* [Data segment]
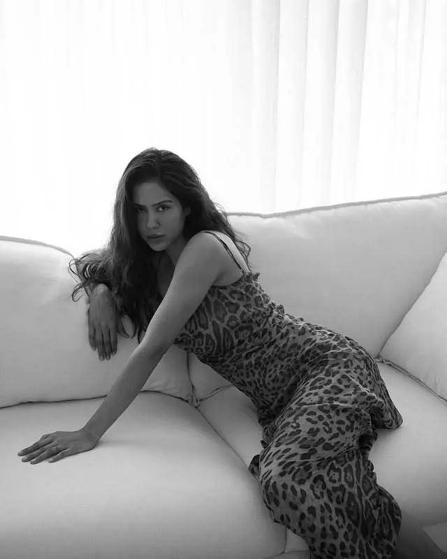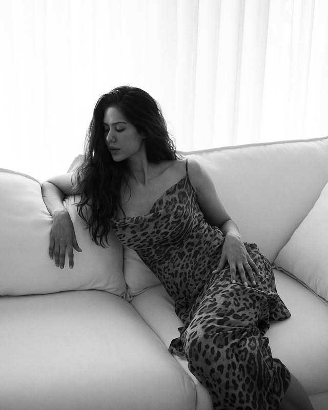 Sonam Bajwa recently shared a black-and-white picture on Instagram that quickly caught the attention of her followers. Sitting casually on a cozy white couch in a leopard-print dress, she gave a relaxed and intense look to the camera. The post had a fun and candid caption that read:
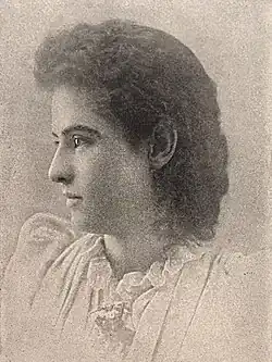 Orelia Key Bell was born in Atlanta, Georgia, on April 8, 1864, to Colonel Marcus Aurelius Bell (1828–1885) and Mary Jane Hulsey (1837–1901),[1] in the Bell mansion, a stately Southern home in the heart of the city built in 1860. The house became historic soon after Bell's birth, as the headquarters of General William Sherman's engineering corps led by Captain Orlando M. Poe, and the room in which she was born and spent the first three months of her life was that used by General Sherman as a stable for his favorite colt.[2] The house was made of "plaster-covered stone marbleized in shades of blue, yellow, and red" and thus nicknamed the "Calico House".[3] The house was demolished in 1925.[4]
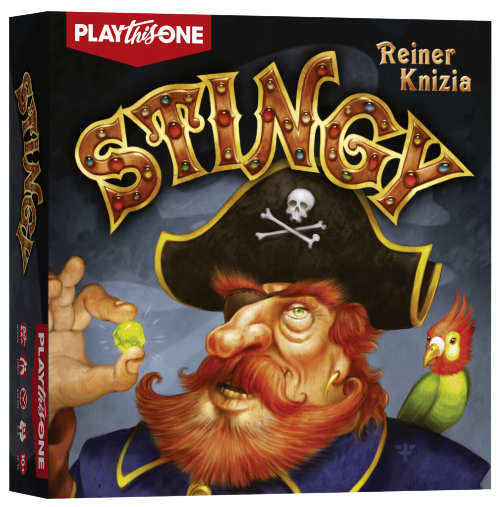 Stingy includes two-player rules that introduce a ghost pirate with whom players can trade, a variant in which players also score points for the number of differently colored groups they collect, and a “Captain Sly” variant in which an opponent who can’t take tiles worth at most what you took gets nothing. Good luck trying to make those unfair trades!

* [What to work on] Lines before the one containing "Orelia Key Bell" are not wanted; repeat that line and the rest of the listing exactly, leaving out pictures.

* [Written solution]
 Orelia Key Bell was born in Atlanta, Georgia, on April 8, 1864, to Colonel Marcus Aurelius Bell (1828–1885) and Mary Jane Hulsey (1837–1901),[1] in the Bell mansion, a stately Southern home in the heart of the city built in 1860. The house became historic soon after Bell's birth, as the headquarters of General William Sherman's engineering corps led by Captain Orlando M. Poe, and the room in which she was born and spent the first three months of her life was that used by General Sherman as a stable for his favorite colt.[2] The house was made of "plaster-covered stone marbleized in shades of blue, yellow, and red" and thus nicknamed the "Calico House".[3] The house was demolished in 1925.[4]
 Stingy includes two-player rules that introduce a ghost pirate with whom players can trade, a variant in which players also score points for the number of differently colored groups they collect, and a “Captain Sly” variant in which an opponent who can’t take tiles worth at most what you took gets nothing. Good luck trying to make those unfair trades!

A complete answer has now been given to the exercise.